Each record needs to be transcribed word for word, though without its pictures.

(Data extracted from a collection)
++++
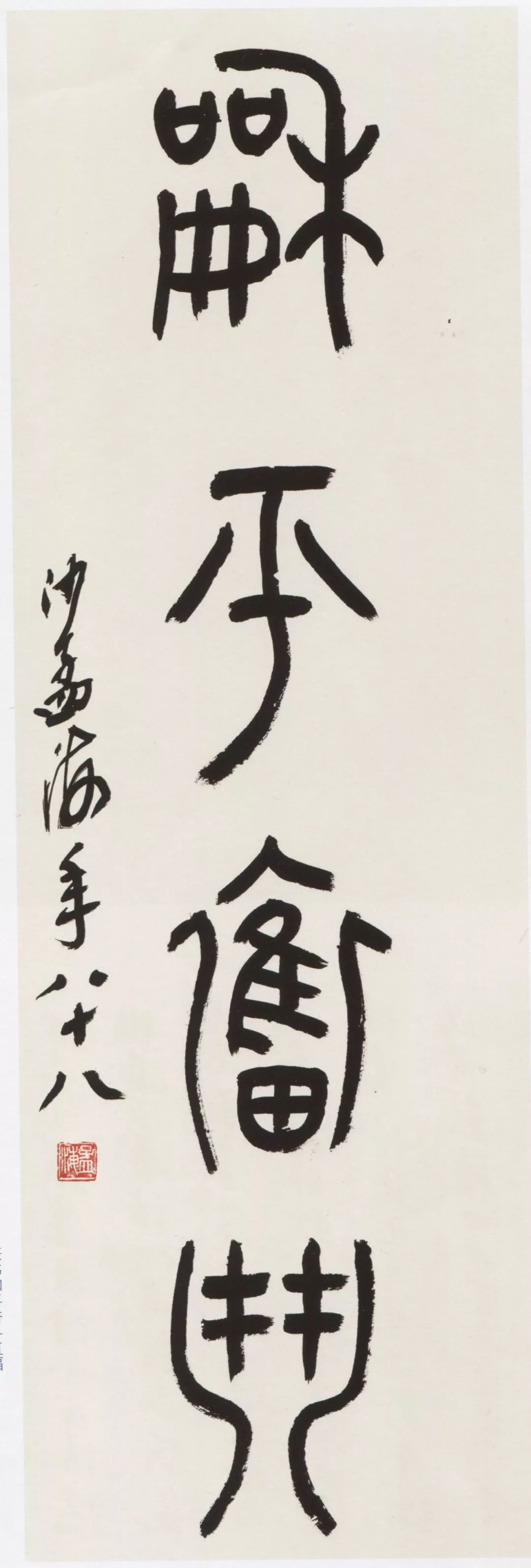 款署:晓风同志正腕,沙孟海年八十四。沙孟海《榜书龙》 175×175cm 1986年 沙孟海书学院藏沙孟海《篆书和平奋斗直幅》 91.5×31.5cm 1987年作 浙江省博物馆藏
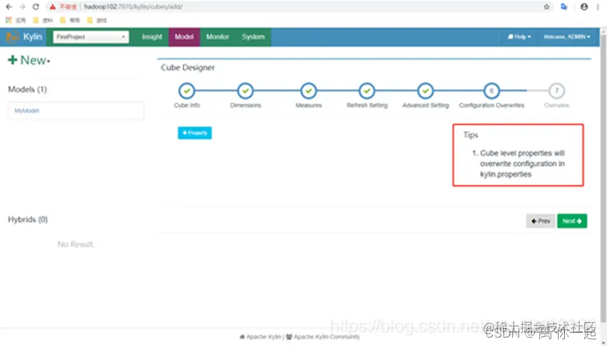 由于每个Cube的并发粒度控制不尽相同,因此建议在Cube Designer 的Configuration Overwrites(上图所示)中为每个Cube量身定制控制并发粒度的参数。假设将把当前Cube的kylin.hbase.region.count.min设置为2,kylin.hbase.region.count.max设置为100。这样无论Segment的大小如何变化,它的分区数量最小都不会低于2,最大都不会超过100。相应地,这个Segment背后的存储引擎(HBase)为了存储这个Segment,也不会使用小于两个或超过100个的分区。我们还调整了默认的kylin.hbase.region.cut,这样50GB的Segment基本上会被分配到50个分区,相比默认设置,我们的Cuboid可能最多会获得5倍的并发量。
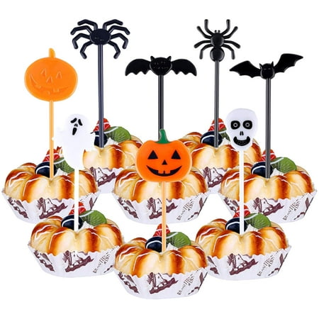 80 Pieces Halloween Plastic Picks Cupcake Toppers Decorations With Pumpkin Ghost Spider Bat Design For Halloween Party Themed Party Walmart Canada
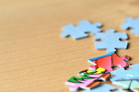Top view Shot of wooden jigsaw puzzle pieces ,Business concept
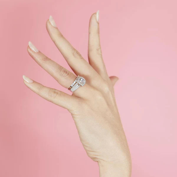 925 Sterling Silver Rhodium Plated Clear Cluster Square CZ Engagement Ring Pair Set
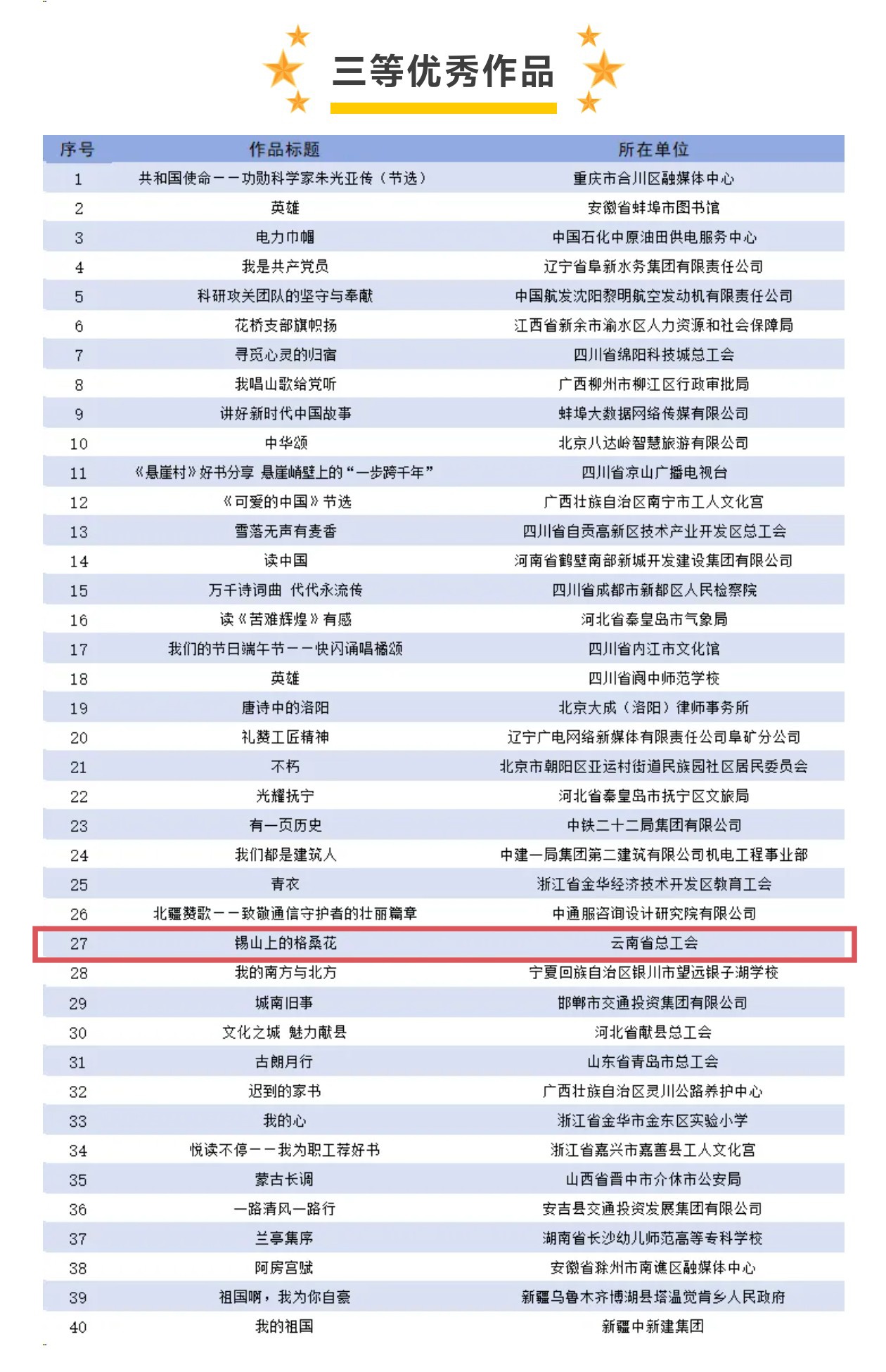 又訊:12月31日,全國總工會宣傳教育部公布“閱讀經典好書 爭做中國好網民”主題誦讀活動優秀作品名單,全國共評選出優秀誦讀作品90部,云南省有兩個作品入圍獲獎名單,云錫工會選送的《錫山上的格桑花》榮獲全國主題活動誦讀類作品三等獎。
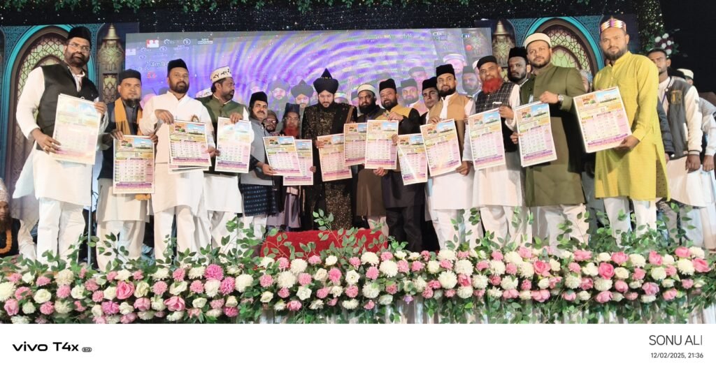 सीपत,,,,,कोरबा के घण्टाघर में आयोजित मरकज़ी सीरत कमेटी के सीरतुन्नबी जलसे के मुख्य मंच से मुस्लिम समाज के प्रतिष्ठित और प्रसिद्ध आलिम-ए-दीन धर्मगुरु मुफ़्ती सलमान अज़हरी साहब ने दरगाह लुतरा शरीफ से प्रकाशित फैज़ाने बाबा सैय्यद इंसान अली शाह कैलेंडर 2026 का बड़े ही शानो शौकत के साथ आध्यात्मिक माहौल में विमोचन किया।
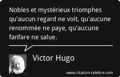 Nobles et mystérieux triomphes qu'aucun regard ne voit, qu'aucune renommée ne paye, qu'aucune fanfare ne salue.
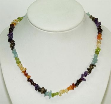 18" Chakra chip choker with lobster claw clasp and 1" chain.
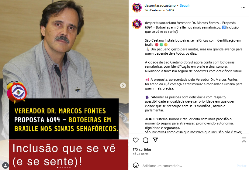 Vereador Dr. Marcos Fontes proposta 6094 - botoeiras em braille nos sinais semafóricos
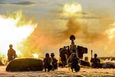 ▲2017年8月25日,第74集团军某炮兵旅在西北戈壁组织实兵实弹战术演习,“志愿军战歌连”对“敌”实施火力打击。新华社资料片
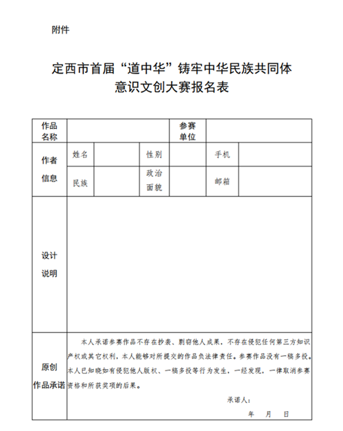 关于举办定西市首届“道中华”铸牢中华民族共同体意识文创大赛的公告 |
++++
--- ANSWER FOR THE TASK ---
 款署:晓风同志正腕,沙孟海年八十四。沙孟海《榜书龙》 175×175cm 1986年 沙孟海书学院藏沙孟海《篆书和平奋斗直幅》 91.5×31.5cm 1987年作 浙江省博物馆藏
 由于每个Cube的并发粒度控制不尽相同,因此建议在Cube Designer 的Configuration Overwrites(上图所示)中为每个Cube量身定制控制并发粒度的参数。假设将把当前Cube的kylin.hbase.region.count.min设置为2,kylin.hbase.region.count.max设置为100。这样无论Segment的大小如何变化,它的分区数量最小都不会低于2,最大都不会超过100。相应地,这个Segment背后的存储引擎(HBase)为了存储这个Segment,也不会使用小于两个或超过100个的分区。我们还调整了默认的kylin.hbase.region.cut,这样50GB的Segment基本上会被分配到50个分区,相比默认设置,我们的Cuboid可能最多会获得5倍的并发量。
 80 Pieces Halloween Plastic Picks Cupcake Toppers Decorations With Pumpkin Ghost Spider Bat Design For Halloween Party Themed Party Walmart Canada
Top view Shot of wooden jigsaw puzzle pieces ,Business concept
 925 Sterling Silver Rhodium Plated Clear Cluster Square CZ Engagement Ring Pair Set
 又訊:12月31日,全國總工會宣傳教育部公布“閱讀經典好書 爭做中國好網民”主題誦讀活動優秀作品名單,全國共評選出優秀誦讀作品90部,云南省有兩個作品入圍獲獎名單,云錫工會選送的《錫山上的格桑花》榮獲全國主題活動誦讀類作品三等獎。
 सीपत,,,,,कोरबा के घण्टाघर में आयोजित मरकज़ी सीरत कमेटी के सीरतुन्नबी जलसे के मुख्य मंच से मुस्लिम समाज के प्रतिष्ठित और प्रसिद्ध आलिम-ए-दीन धर्मगुरु मुफ़्ती सलमान अज़हरी साहब ने दरगाह लुतरा शरीफ से प्रकाशित फैज़ाने बाबा सैय्यद इंसान अली शाह कैलेंडर 2026 का बड़े ही शानो शौकत के साथ आध्यात्मिक माहौल में विमोचन किया।
 Nobles et mystérieux triomphes qu'aucun regard ne voit, qu'aucune renommée ne paye, qu'aucune fanfare ne salue.
 18" Chakra chip choker with lobster claw clasp and 1" chain.
 Vereador Dr. Marcos Fontes proposta 6094 - botoeiras em braille nos sinais semafóricos
 ▲2017年8月25日,第74集团军某炮兵旅在西北戈壁组织实兵实弹战术演习,“志愿军战歌连”对“敌”实施火力打击。新华社资料片
 关于举办定西市首届“道中华”铸牢中华民族共同体意识文创大赛的公告 |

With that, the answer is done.